一年的“死亡”生活在他身上刻下了深深的印记。脸庞瘦削了很多,棱角更加锋利如刀削,眼窝深陷,眼下带着长期紧张和睡眠不足的乌青,曾经麦色的健康肤色变得有些苍白。
最刺目的是颈侧那道狰狞的疤痕和下巴处一道细微的新添划痕。他不再是无坚不摧的特战兵王,而像一个疲惫不堪、伤痕累累的漂泊者。面对梁韶雪燃烧着复杂火焰的审视目光,他下意识地微微侧过头,试图隐藏最明显的伤痕。
梁韶雪“说说吧”
梁韶雪的声音已经平静下来,但细听之下仍带着一丝不易察觉的颤音,她递给他一杯温水,
梁韶雪“从头说。到底……发生了什么事?为什么不让我知道?”
田勇接过杯子,指尖冰凉,温热的水似乎也无法暖透他的身体。他深吸一口气,目光低垂,声音低沉沙哑,开始了那段几乎将他灵魂也碾碎的叙述:
田勇“那次任务……是个陷阱。我们中了埋伏”
回忆起那天的场景,他的拳头不自觉地收紧,
田勇“哥……牧泽,为了掩护我们,为了救我……他用身体……挡了原本瞄准我心脏的子弹”
那声“哥”叫得极其艰难,带着无法释怀的负罪感,
田勇“子弹穿透了他的身体……也擦穿了我的左胸上方……动脉附近……”
他停顿了一下,左胸的旧伤似乎隐隐作痛,连带着心脏也狠狠抽搐。他下意识地用右手按住心口的位置,指关节用力到发白。

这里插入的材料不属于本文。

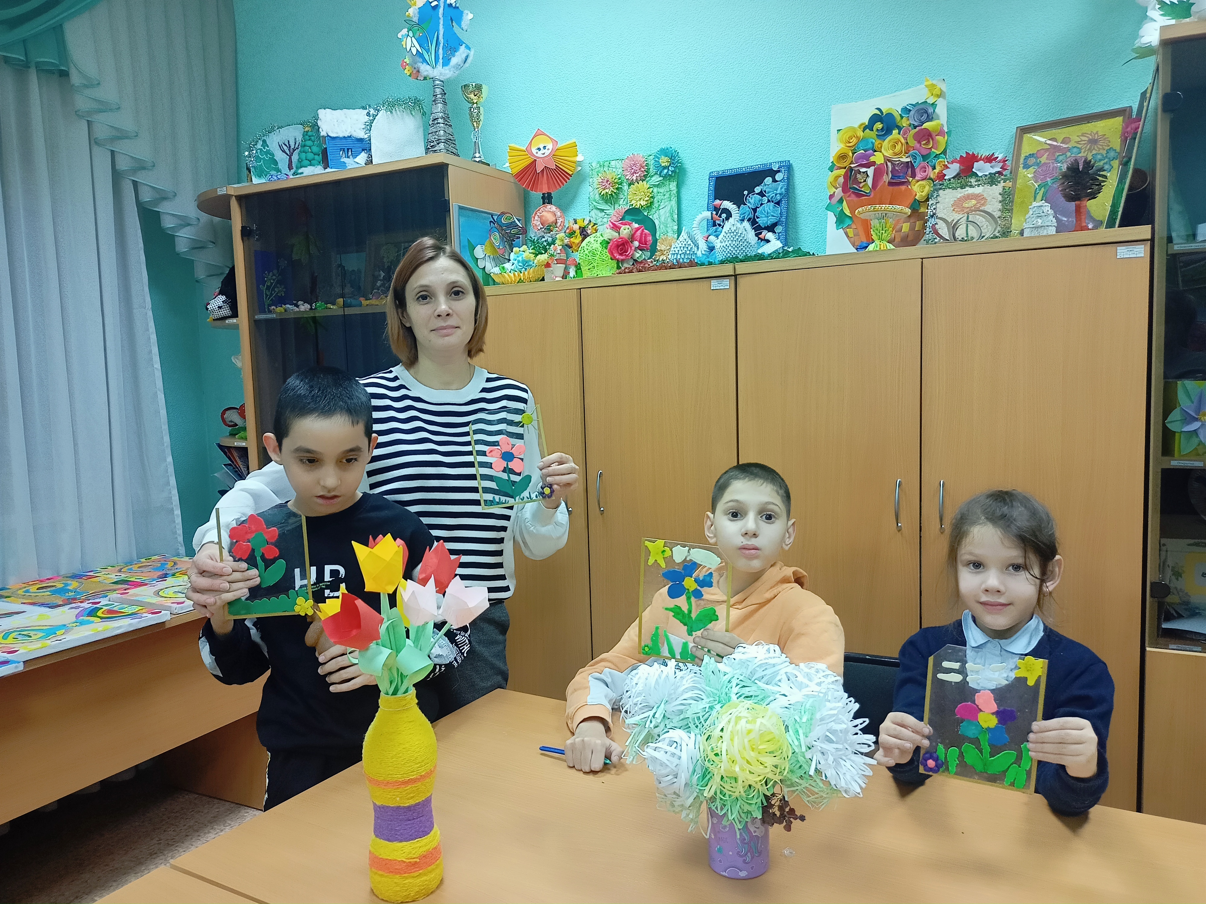 В рамках программы «Цветные ладошки» инструктором по труду Нижнекамского центра социальной помощи семье и детям «Веста» Лейсан Сунеевой было проведено групповое занятие «Букет любимой маме». Мероприятие прошло 24 ноября с целью развития мелкой моторики, воображения, аккуратности, творческих способностей, воспитания любви и уважения к матери. В начале группового занятия поговорили о предстоящем празднике Дне Матери, дети рассказали про своих мам, какие они красивые, добрые, заботливые, как они их любят. Далее ребятам было предложено в подарок любимым мамам сделать букет цветов. Инструктор по труду продемонстрировала готовый образец букета, объяснила ход и приемы работы, показала используемые техники и необходимый материал. Дети вместе с инструктором шаг за шагом делали поделку из цветной бумаги, при этом могли выбрать понравившиеся цвета. Ребята терпеливо и с любовью готовили подарки мамам, развивали воображение и творческие способности. Каждый участник добавил в свою работу всю нежность и любовь к матери, у всех получились очень красивые букеты цветов. Ребята с увлечением провели время, остались довольны готовыми работами. Присутствовали на занятии 5 несовершеннолетних детей.

田勇“……我们滚下山崖,掉进了深冬里一条流速极快、冰冷刺骨的野河里……低温……是低温强行‘锁住’了我和牧泽身上最后的生机……降低了细胞耗氧,我们暂时处于假死边缘……”
回忆起那刺骨的、坠入无底深渊般的冰冷和死亡迫近的绝望,他的呼吸明显急促起来,眼底深处残留着恐惧。
梁韶雪“所以……是那个被称作‘鼹鼠’的绝密内线?”
梁韶雪的声音在发颤,那个代号代表的意义她后来从梁家军方的保密通报中隐约了解到了一些,
梁韶雪“是他的人……找到了你们?”
田勇“嗯~”
田勇喉结滚动,声音涩然,
田勇“我们在下游一个隐蔽的滩涂被找到时,几乎没有了生命体征。我的伤……最重的是穿透伤加失温症引发的多脏器衰竭,还有脑部短暂缺氧……牧泽…他的胸椎重伤更为复杂……”
他艰难地陈述着两人濒死的状态。
田勇“‘鼹鼠’……为了彻底麻痹敌人,同时也是为了一举拔除对方整个情报网,向最高层提出了一个极为激进的‘金蝉脱壳’计划……制造‘田勇’和‘梁牧泽’已死,并因器官移植失败彻底从人间消失的假象。”
田勇的声音充满了痛苦的自责,
田勇“那具‘我’的残骸……是高度伪装的替代品……里面混入了少量我真实的……组织样本……那份捐献书……”
他没有再说下去,梁韶雪已经明白。那份让她以为哥哥心脏移植给了田勇却仍双双离世的“证据”,是计划的关键一环,用这份极致的“真实”让敌人深信不疑。而她,作为最直接的关联者,为了计划的万无一失和后续家人绝对的安全(一旦敌人怀疑计划失败,最可能从亲人身上寻求突破口),成了被严密保护也是最残酷被蒙蔽的对象。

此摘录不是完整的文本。